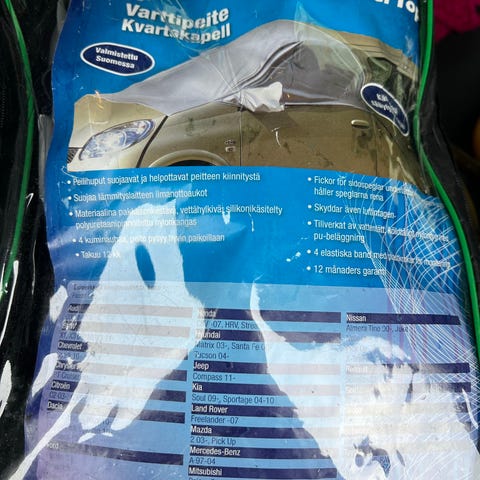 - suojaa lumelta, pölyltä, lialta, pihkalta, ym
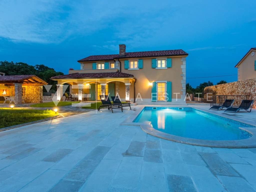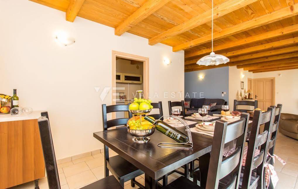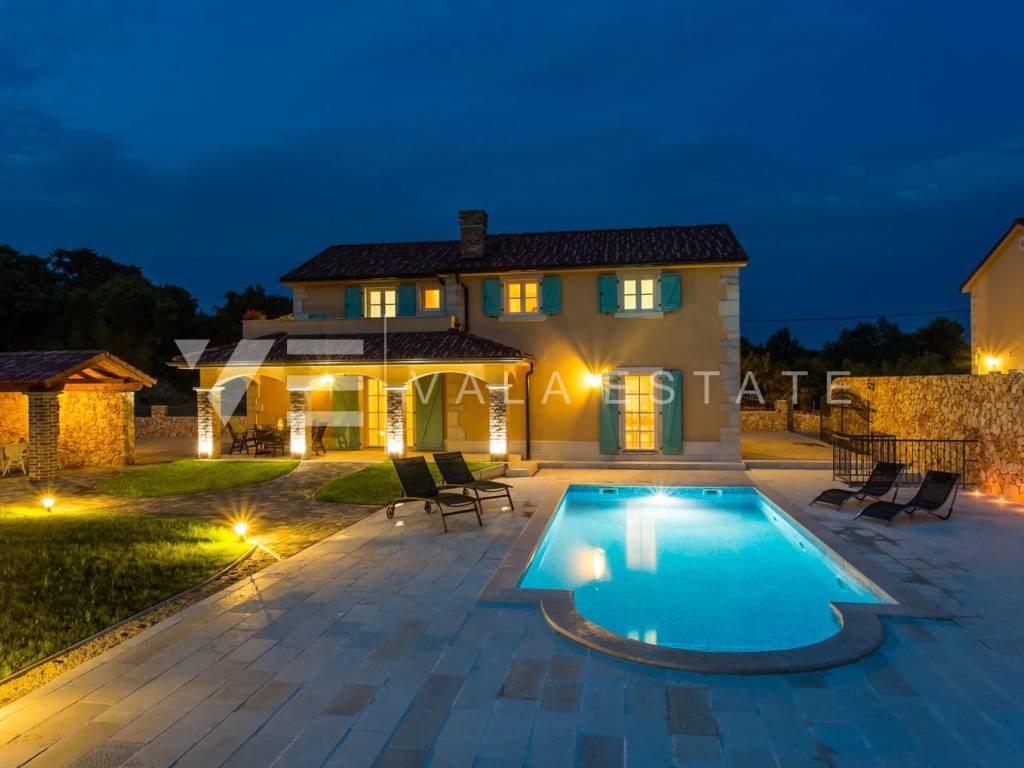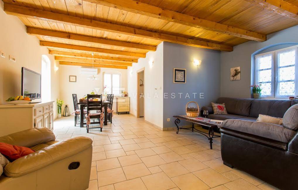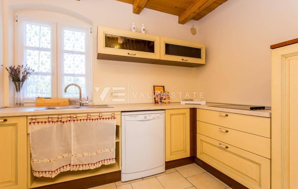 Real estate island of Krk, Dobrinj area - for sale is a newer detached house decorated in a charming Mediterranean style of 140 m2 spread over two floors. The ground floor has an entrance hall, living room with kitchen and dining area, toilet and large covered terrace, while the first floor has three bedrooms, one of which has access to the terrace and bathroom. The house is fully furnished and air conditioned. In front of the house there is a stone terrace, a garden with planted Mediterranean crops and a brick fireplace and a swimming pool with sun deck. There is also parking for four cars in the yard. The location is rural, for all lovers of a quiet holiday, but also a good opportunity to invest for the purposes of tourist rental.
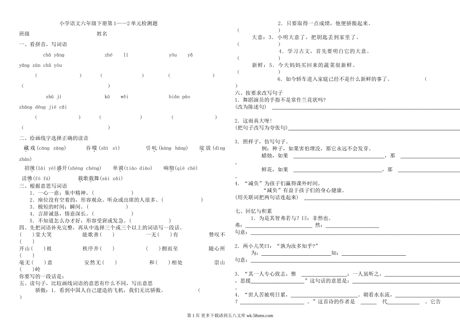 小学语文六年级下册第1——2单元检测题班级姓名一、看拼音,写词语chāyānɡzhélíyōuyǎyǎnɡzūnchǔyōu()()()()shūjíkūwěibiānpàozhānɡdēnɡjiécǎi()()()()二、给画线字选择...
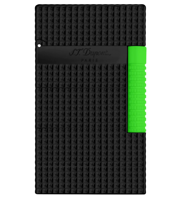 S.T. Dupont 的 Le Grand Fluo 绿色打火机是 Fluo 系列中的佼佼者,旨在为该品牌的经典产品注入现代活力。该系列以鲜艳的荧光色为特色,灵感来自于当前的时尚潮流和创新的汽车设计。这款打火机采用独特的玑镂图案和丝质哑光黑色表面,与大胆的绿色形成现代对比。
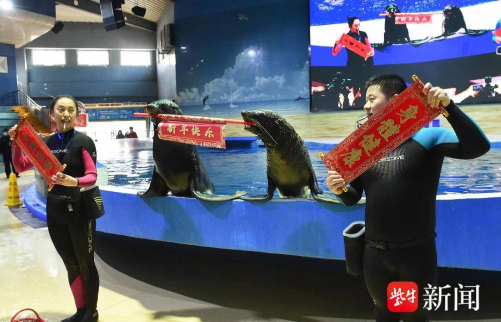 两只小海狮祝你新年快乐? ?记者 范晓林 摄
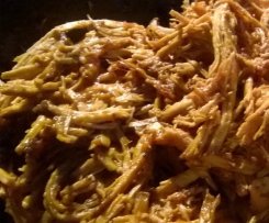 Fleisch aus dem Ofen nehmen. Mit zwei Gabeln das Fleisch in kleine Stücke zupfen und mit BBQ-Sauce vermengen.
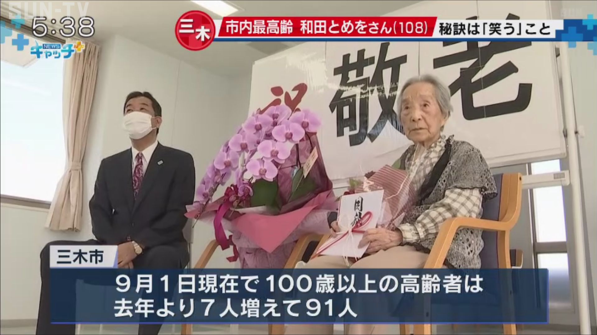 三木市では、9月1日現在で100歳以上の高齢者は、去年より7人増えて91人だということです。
---
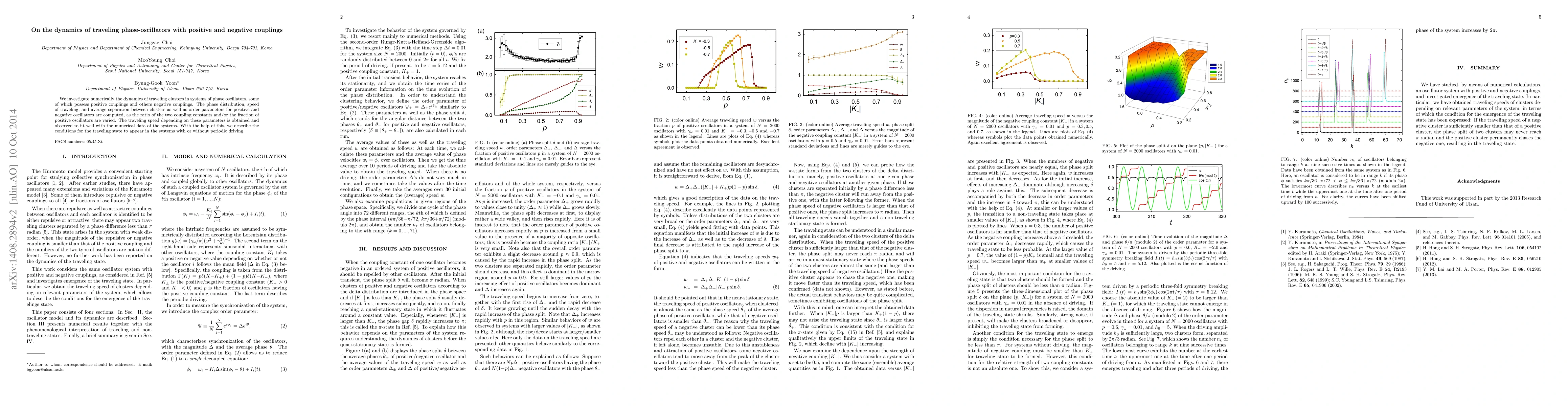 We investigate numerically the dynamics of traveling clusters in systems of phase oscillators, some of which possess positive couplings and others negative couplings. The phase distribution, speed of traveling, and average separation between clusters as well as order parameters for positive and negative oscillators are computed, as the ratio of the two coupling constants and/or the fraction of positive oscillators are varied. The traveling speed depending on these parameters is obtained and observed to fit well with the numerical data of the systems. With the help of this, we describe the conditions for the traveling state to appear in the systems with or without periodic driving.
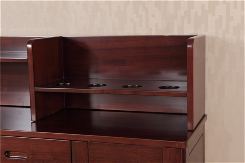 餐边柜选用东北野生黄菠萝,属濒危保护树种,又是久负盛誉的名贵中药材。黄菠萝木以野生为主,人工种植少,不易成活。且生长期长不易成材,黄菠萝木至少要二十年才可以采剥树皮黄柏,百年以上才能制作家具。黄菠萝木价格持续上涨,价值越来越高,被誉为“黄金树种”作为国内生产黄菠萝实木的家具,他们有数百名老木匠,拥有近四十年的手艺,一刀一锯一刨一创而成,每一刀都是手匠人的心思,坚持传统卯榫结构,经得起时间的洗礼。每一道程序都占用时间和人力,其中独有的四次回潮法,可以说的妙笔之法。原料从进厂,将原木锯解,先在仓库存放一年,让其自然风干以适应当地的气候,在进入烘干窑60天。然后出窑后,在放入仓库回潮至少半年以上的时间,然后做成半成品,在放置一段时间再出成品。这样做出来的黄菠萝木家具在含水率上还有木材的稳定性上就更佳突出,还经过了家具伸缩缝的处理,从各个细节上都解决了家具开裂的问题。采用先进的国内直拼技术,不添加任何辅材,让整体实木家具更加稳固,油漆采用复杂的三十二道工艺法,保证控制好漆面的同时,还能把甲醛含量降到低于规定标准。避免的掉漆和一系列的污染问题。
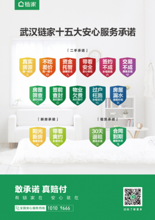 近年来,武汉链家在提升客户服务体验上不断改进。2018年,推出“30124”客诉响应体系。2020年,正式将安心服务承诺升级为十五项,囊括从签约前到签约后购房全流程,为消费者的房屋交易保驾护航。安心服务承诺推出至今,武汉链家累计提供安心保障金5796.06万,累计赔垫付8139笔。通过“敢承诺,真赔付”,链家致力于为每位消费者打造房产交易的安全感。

**Instructions to follow**
A clean copy is needed of the lines above from the one with "- suojaa lumelta, pölyltä, lialta, pihkalta, ym" up to and including the one with "三木市では、9月1日現在で1". Please set it down exactly, with no pictures.

**Task output**
 - suojaa lumelta, pölyltä, lialta, pihkalta, ym
 Real estate island of Krk, Dobrinj area - for sale is a newer detached house decorated in a charming Mediterranean style of 140 m2 spread over two floors. The ground floor has an entrance hall, living room with kitchen and dining area, toilet and large covered terrace, while the first floor has three bedrooms, one of which has access to the terrace and bathroom. The house is fully furnished and air conditioned. In front of the house there is a stone terrace, a garden with planted Mediterranean crops and a brick fireplace and a swimming pool with sun deck. There is also parking for four cars in the yard. The location is rural, for all lovers of a quiet holiday, but also a good opportunity to invest for the purposes of tourist rental.
 小学语文六年级下册第1——2单元检测题班级姓名一、看拼音,写词语chāyānɡzhélíyōuyǎyǎnɡzūnchǔyōu()()()()shūjíkūwěibiānpàozhānɡdēnɡjiécǎi()()()()二、给画线字选择...
 S.T. Dupont 的 Le Grand Fluo 绿色打火机是 Fluo 系列中的佼佼者,旨在为该品牌的经典产品注入现代活力。该系列以鲜艳的荧光色为特色,灵感来自于当前的时尚潮流和创新的汽车设计。这款打火机采用独特的玑镂图案和丝质哑光黑色表面,与大胆的绿色形成现代对比。
 两只小海狮祝你新年快乐? ?记者 范晓林 摄
 Fleisch aus dem Ofen nehmen. Mit zwei Gabeln das Fleisch in kleine Stücke zupfen und mit BBQ-Sauce vermengen.
 三木市では、9月1日現在で100歳以上の高齢者は、去年より7人増えて91人だということです。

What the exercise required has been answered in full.